Mientras Ayuso sigue insistiendo en denunciar la caza de brujas contra Madrid -con la verborrea cultiparlista a la que nos tiene acostumbrados-, el aparato de televisión comienza a petardear y a exhalar un humo negro que no augura nada bueno. Se une a nuestra tarde de los martes de rosario y oración, el obispo Taltavull. Nos dice que se siente compungido y apesadumbrado, por haberse vacunado antes que otros miembros de la orden; pero que como se lo recomendaron sus casi cien expertos, transigió. Narra con voz gutural, que seguía las directrices marcadas en la homilía Papal. ¡Ah, bueno! exclamamos ambas mirándonos de reojo y propinándonos codazos. Su reverendísimo se tranquilizó mucho más, tras engullir sin tregua unas diecisiete pastas de mantequilla.

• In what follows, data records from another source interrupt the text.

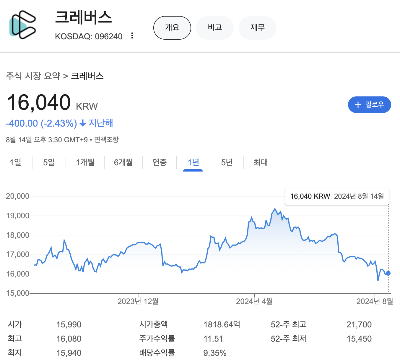 크레버스의 주가는 지난해 1년대비 -2.43% 하락해 있는 상태입니다.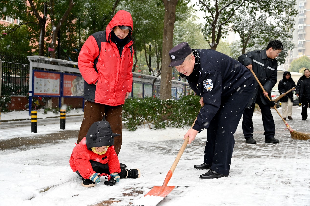 严格落实领导带班、值班备勤等制度,确保紧急情况第一时间响应、处置、反馈。全面加强一线执勤民辅警保障,配齐挂肩警示灯、发光指挥棒等防护装备,提供热水、保暖物资,在守护群众安全的同时,全力保障民警辅警身心健康。第七综合警务服务站教导员张伟等人看到环卫工人冒雪作业,主动邀请其进屋取暖、递上热水,用暖心举措凝聚起警民同心抗雪的强大合力。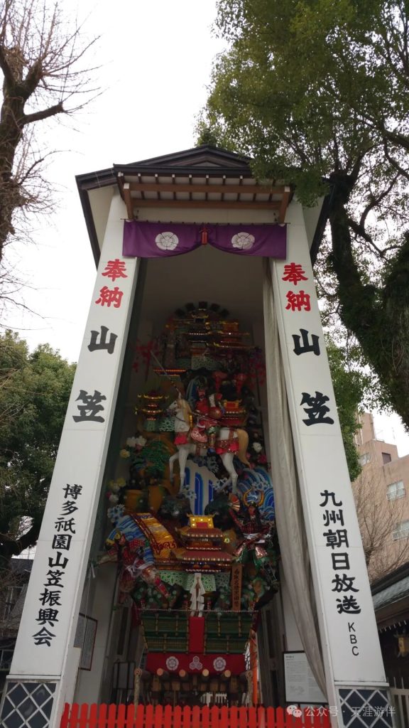 不過櫛田神社最有看頭的是展示在院內的山笠(神轎)。這個神轎是每年7月的夏季祭典“博多祇園山笠”時奉獻給神明的。神轎每年都會重新打造,裝飾著與博多地區有淵源的武士或古老傳說,也有動漫主題人物,可以仔細看看有沒有是你認識的喲。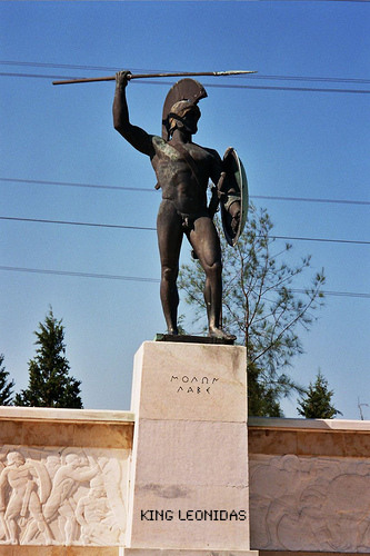 In the Battle of Thermopylae, which occurred in August 19, 480 BC (described in detailed by the ancient historian Herodotus), an alliance of Greek city-states fought the invading Persian Empire at the pass of Thermopylae in central Greece. Vastly outnumbered, the Greeks held back the Persians for three days in one of history's most famous battles. A small force led by King Leonidas I of Sparta blocked the only road (possibly only about 14 ft wide at the time) through which the massive army of Xerxes I of Persia could pass.

Le propuse a Petra un plan: vamos para la vejez a toda máquina, amiga – dije. ¿Qué tal si nos hacemos con un robot cuidador? He visto uno que nos vendría de perlas y tiene un nombre muy sugerente: Sofía.¡Anda! exclama Petra, ¡como la emérita! No. ¿Yo, republicana de toda la vida? ni hablar; y el contrabando de botellas de oxígeno, ya me da mucha faena…Le corté con un gesto. Supone un escalafón, un reto. Se trataría de que la robótica nos cuidase hasta el fin de nuestros días. ¡Agorera, más que agorera! -me espeta con desagrado. Con los ojos fijos en la línea del ondulado monte de Corbera, nos miramos conscientes de lo que se nos avecinaba. ¿Seres condenados a dejarse cambiar los pañales por una máquina? No sé. Me resulta muy difícil. ¿Y esa mano cálida apretando la tuya, arrugada y seca? ¿Puede hacer esa dulzura una máquina? Permíteme que lo dude.